- _Material to process_:

......

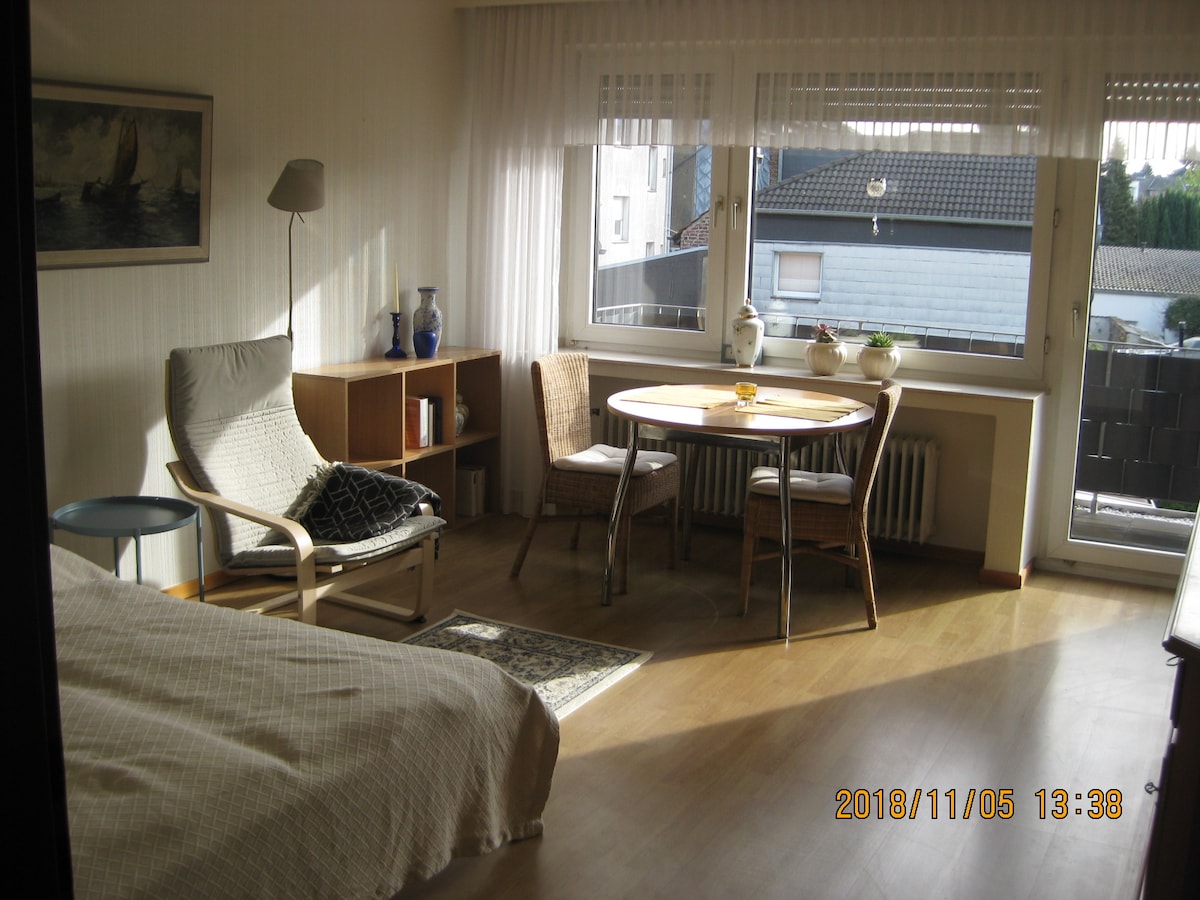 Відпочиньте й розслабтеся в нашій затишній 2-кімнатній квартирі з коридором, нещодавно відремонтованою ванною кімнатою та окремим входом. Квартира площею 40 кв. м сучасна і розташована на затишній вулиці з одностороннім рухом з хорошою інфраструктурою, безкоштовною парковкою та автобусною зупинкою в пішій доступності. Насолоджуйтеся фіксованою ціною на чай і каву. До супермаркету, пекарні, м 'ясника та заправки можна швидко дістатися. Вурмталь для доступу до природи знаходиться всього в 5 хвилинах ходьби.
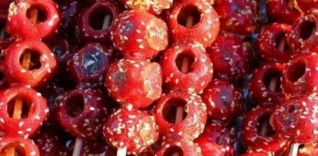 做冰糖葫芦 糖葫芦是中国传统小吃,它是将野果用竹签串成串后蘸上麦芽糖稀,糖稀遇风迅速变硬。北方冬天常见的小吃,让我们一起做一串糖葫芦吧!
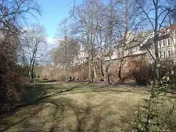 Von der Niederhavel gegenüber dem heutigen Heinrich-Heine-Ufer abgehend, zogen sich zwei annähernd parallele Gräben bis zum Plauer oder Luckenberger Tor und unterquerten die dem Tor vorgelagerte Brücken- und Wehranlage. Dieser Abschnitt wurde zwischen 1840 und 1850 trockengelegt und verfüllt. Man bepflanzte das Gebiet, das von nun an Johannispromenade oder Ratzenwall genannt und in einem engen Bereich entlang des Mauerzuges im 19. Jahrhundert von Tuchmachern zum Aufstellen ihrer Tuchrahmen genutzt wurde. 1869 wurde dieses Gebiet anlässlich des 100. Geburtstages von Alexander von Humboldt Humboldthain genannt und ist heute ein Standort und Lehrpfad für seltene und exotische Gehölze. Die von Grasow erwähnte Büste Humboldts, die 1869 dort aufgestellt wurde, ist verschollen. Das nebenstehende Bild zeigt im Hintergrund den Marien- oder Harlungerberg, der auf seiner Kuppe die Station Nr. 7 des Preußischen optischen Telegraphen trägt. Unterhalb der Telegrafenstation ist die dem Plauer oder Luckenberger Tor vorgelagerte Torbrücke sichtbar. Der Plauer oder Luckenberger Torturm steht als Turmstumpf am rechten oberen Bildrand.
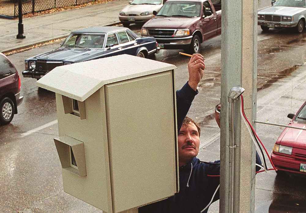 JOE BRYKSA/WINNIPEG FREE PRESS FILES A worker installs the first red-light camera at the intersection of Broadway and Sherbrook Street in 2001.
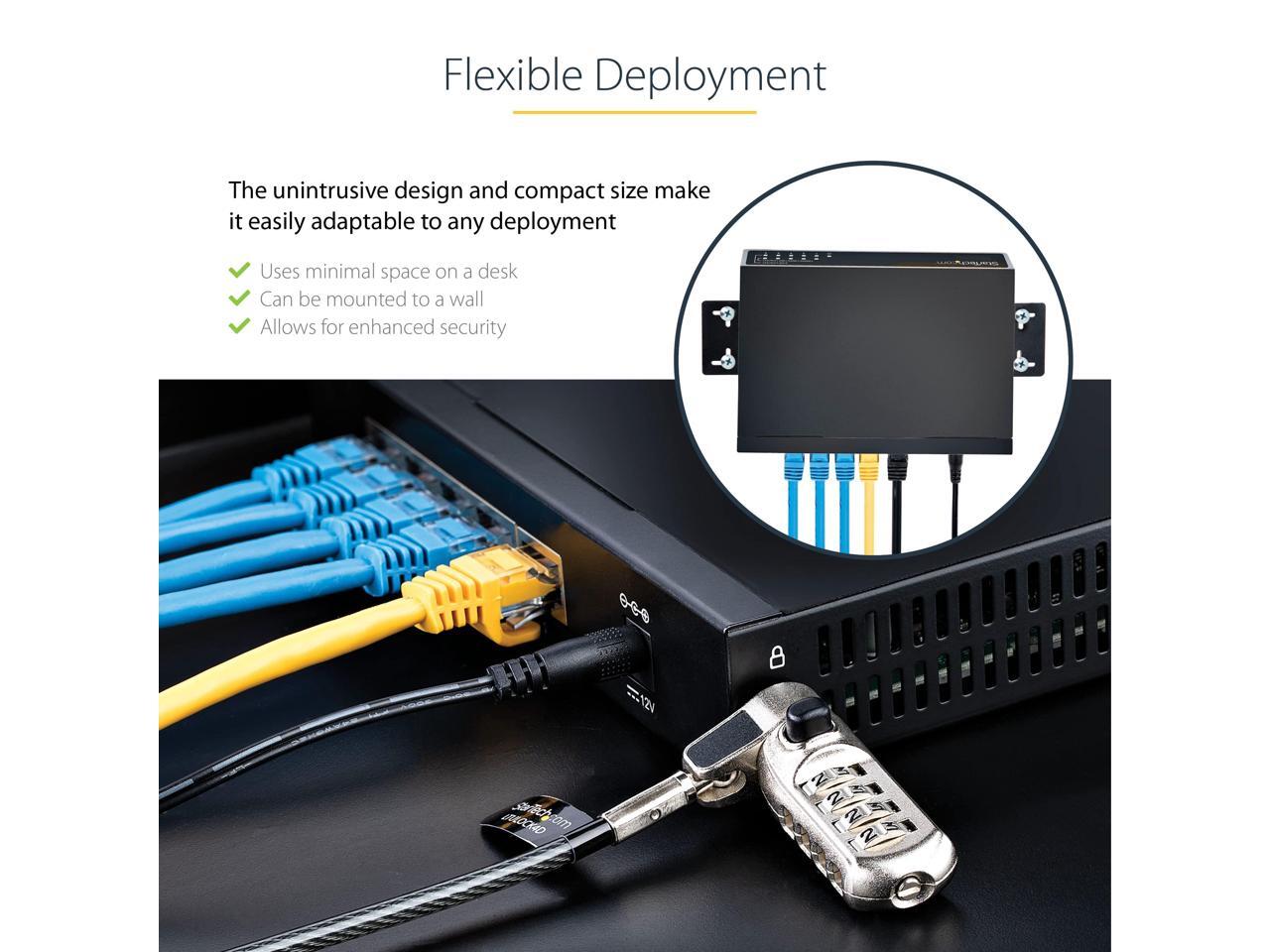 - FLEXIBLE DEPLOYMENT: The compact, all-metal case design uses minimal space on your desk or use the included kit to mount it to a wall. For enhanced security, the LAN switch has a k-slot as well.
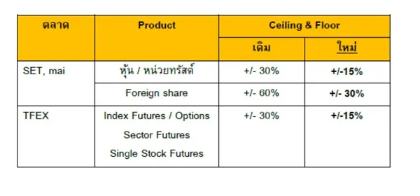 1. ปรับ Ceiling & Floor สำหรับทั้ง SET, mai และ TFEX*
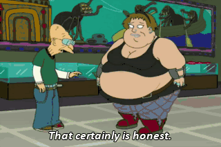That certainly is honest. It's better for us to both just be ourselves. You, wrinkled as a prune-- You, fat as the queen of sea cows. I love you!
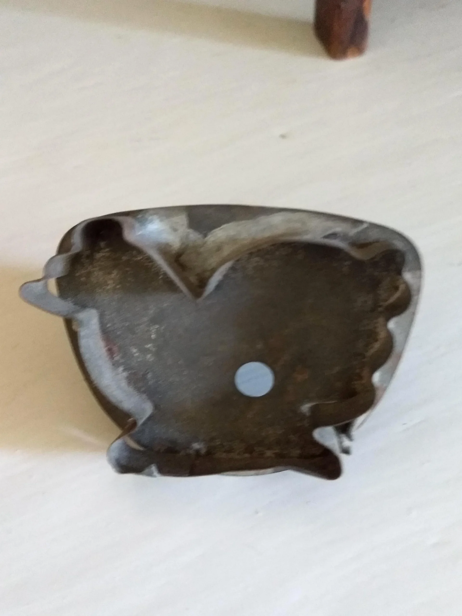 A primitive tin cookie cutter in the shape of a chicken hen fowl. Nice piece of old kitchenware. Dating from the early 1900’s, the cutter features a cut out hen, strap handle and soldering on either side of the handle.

......

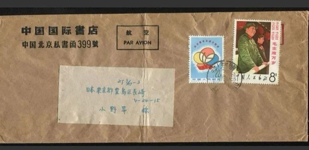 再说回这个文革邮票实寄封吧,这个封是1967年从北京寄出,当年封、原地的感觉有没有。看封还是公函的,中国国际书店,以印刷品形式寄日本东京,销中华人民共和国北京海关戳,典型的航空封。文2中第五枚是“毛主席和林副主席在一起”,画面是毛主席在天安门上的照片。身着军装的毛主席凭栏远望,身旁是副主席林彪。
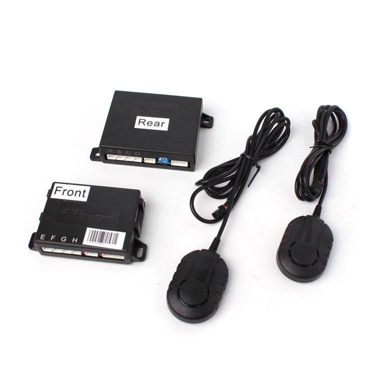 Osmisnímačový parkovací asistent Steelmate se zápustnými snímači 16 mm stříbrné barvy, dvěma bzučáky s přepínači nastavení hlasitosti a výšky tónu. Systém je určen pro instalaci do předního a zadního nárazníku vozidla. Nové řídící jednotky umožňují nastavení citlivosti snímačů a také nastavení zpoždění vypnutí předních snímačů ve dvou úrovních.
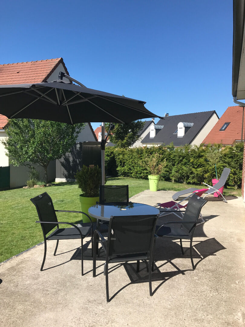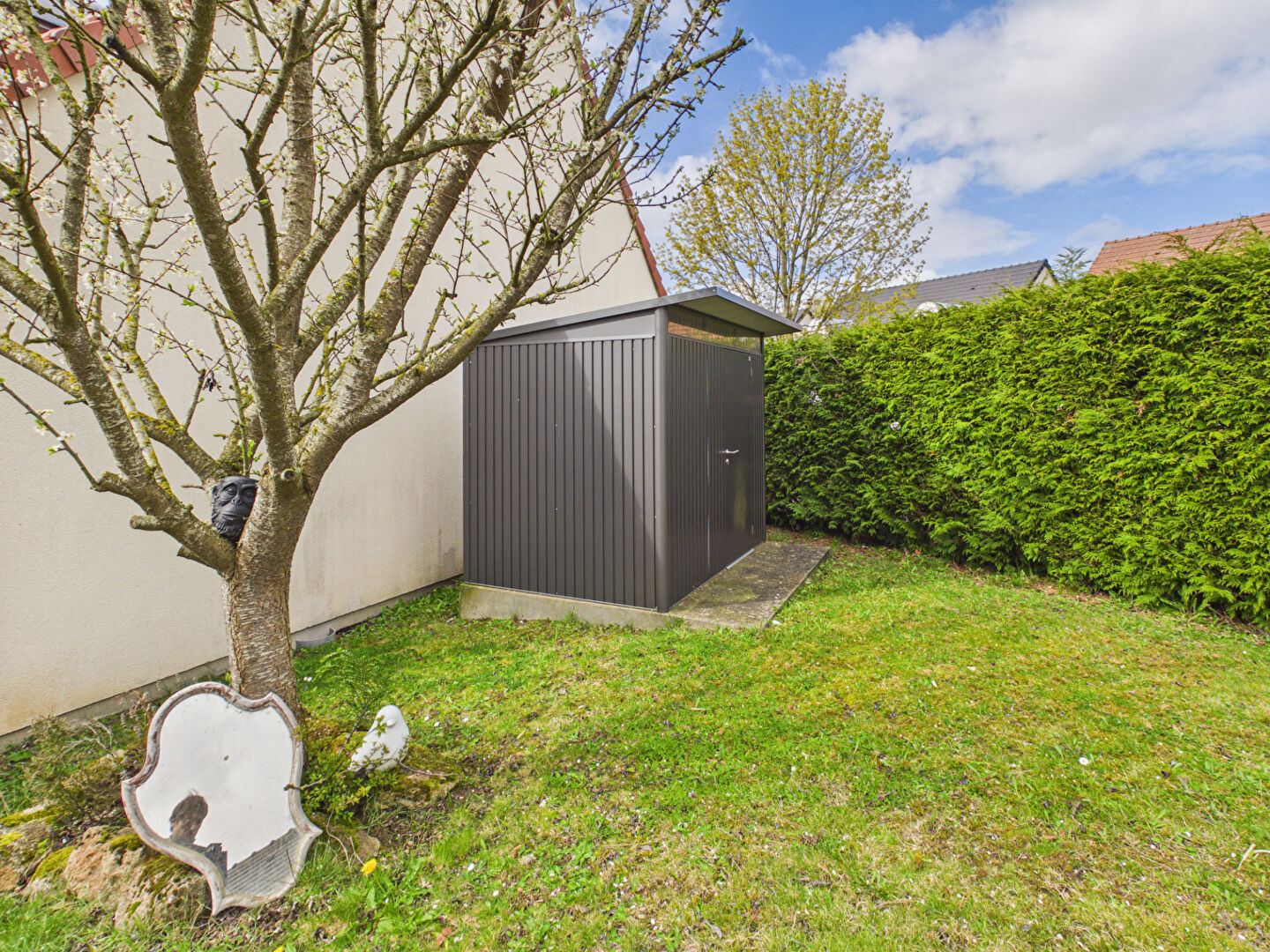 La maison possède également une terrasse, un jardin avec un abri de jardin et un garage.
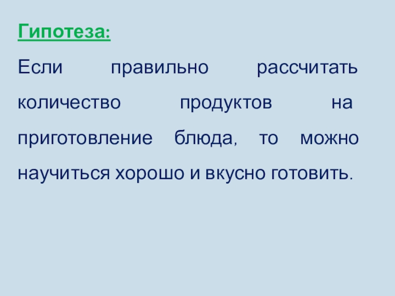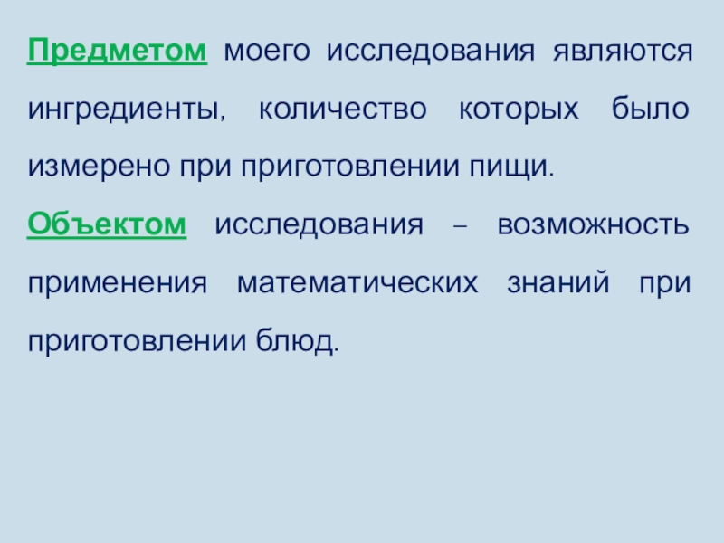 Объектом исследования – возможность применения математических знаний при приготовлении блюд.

......

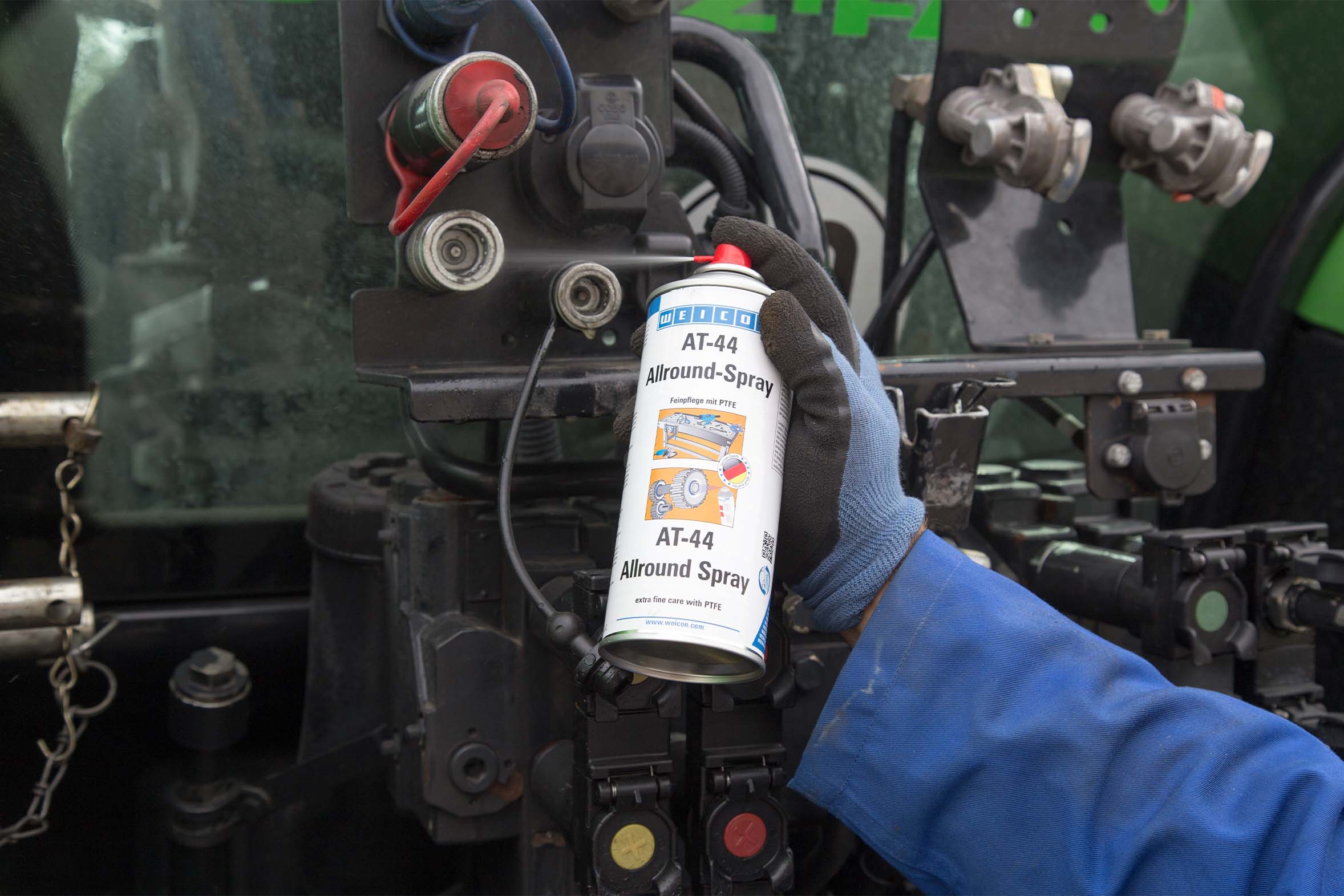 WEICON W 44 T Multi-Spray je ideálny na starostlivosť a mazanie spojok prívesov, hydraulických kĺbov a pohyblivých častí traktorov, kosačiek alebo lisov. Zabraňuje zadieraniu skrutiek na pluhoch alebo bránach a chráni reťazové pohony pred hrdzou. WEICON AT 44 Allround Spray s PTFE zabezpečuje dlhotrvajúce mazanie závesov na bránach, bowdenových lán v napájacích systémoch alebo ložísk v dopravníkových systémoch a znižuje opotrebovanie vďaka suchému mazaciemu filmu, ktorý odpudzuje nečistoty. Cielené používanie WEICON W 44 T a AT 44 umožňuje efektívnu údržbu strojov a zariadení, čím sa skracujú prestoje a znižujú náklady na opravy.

......

- _What the task requires_: Could you write out exactly the lines of the data above that run from the one holding "La maison possède" to the one holding "Объектом исследования –", with both ends in and all pictures out?

- _The answer_:
 La maison possède également une terrasse, un jardin avec un abri de jardin et un garage.
 Объектом исследования – возможность применения математических знаний при приготовлении блюд.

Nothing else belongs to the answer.